Tuesday, December 29, 2009

Making Cheese - A New Adventure

Ever since I found a local supplier of raw milk, I have been wanting to try my hand at cheese making. I thought I would start with mozzarella but had a hard time finding rennet and citric acid. The rennet I eventually purchased on-line and the citric acid appeared in stores as canning season kicked into full swing. By the time I had my supplies I didn't have the time. Go figure.

Jump forward a few months and the cheese inspiration was back after reading about the success of some of my favorite bloggers. So when I had an abundance of milk due to being away for Christmas I knew it was time to give it a whirl.

Following this recipe for farmer's cheese I gathered all my ingredients and supplies and got straight to work.

From what I have read, temperature is extremely important in the cheese making process. Thank goodness for an instant read thermometer.

Once the milk was up to temperature, the rennet was added. Then it was time to wait. This was kind of like watch a pot never boil. You couldn't see much happening.

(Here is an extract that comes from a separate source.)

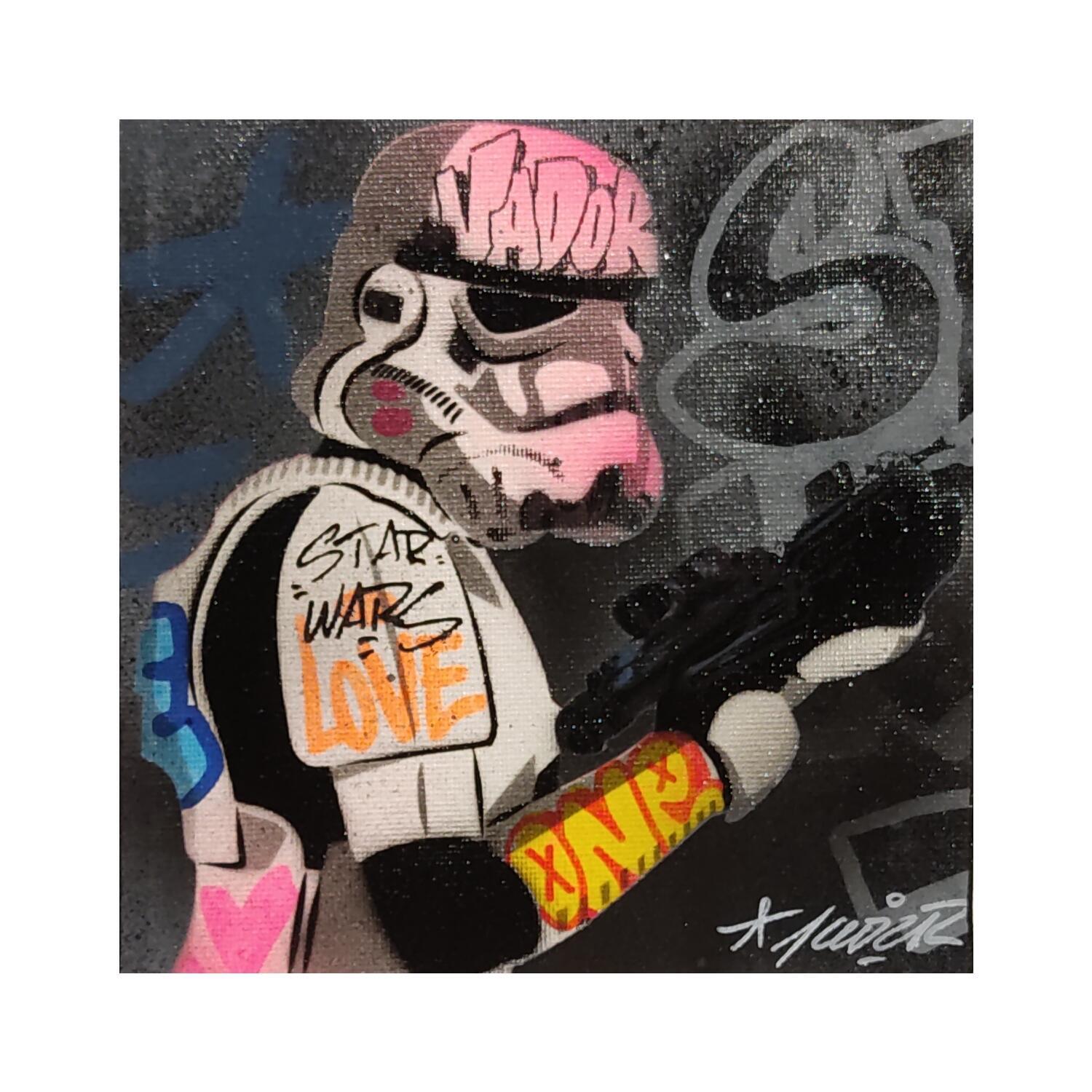 The artist used Acrylic, Graffiti media on Canvas board to create this Pop-art, Small size painting.

But like magic, after about an hour the milk was now a solid mass - kind of like tofu. Time to cut the curds. This was really cool! As the curds and whey were heated the curds shrunk and the whey increased.

Then like magic the milk had turned into a solid mass - like tofu. The next step was to cut the curds. This was really cool! As the curds and whey was heated, the curds shrank and the whey increased.

Then the curds and whey needed to be separated. This was funny because the more whey you removed the more appeared. Not a big deal because the remaining whey will be drained off later.

Next, add the seasoning. Salt - lots of it as most of it drains away with the whey - garlic and rosemary.

Now it was time to hang the cheese. Wrapped in cheese cloth it hung for an hour above a bucket to collect the last of the whey.

Not having a cheese press I made due with a couple of plates, a heavy cast iron pan, and a bucket of water. Here our cheese sat for the next 17 hours.

A long process but a huge success! Everyone love the cheese! I may even buy extra milk just to make cheese. And you can bet I will be trying my hand a mozzarella and ricotta soon.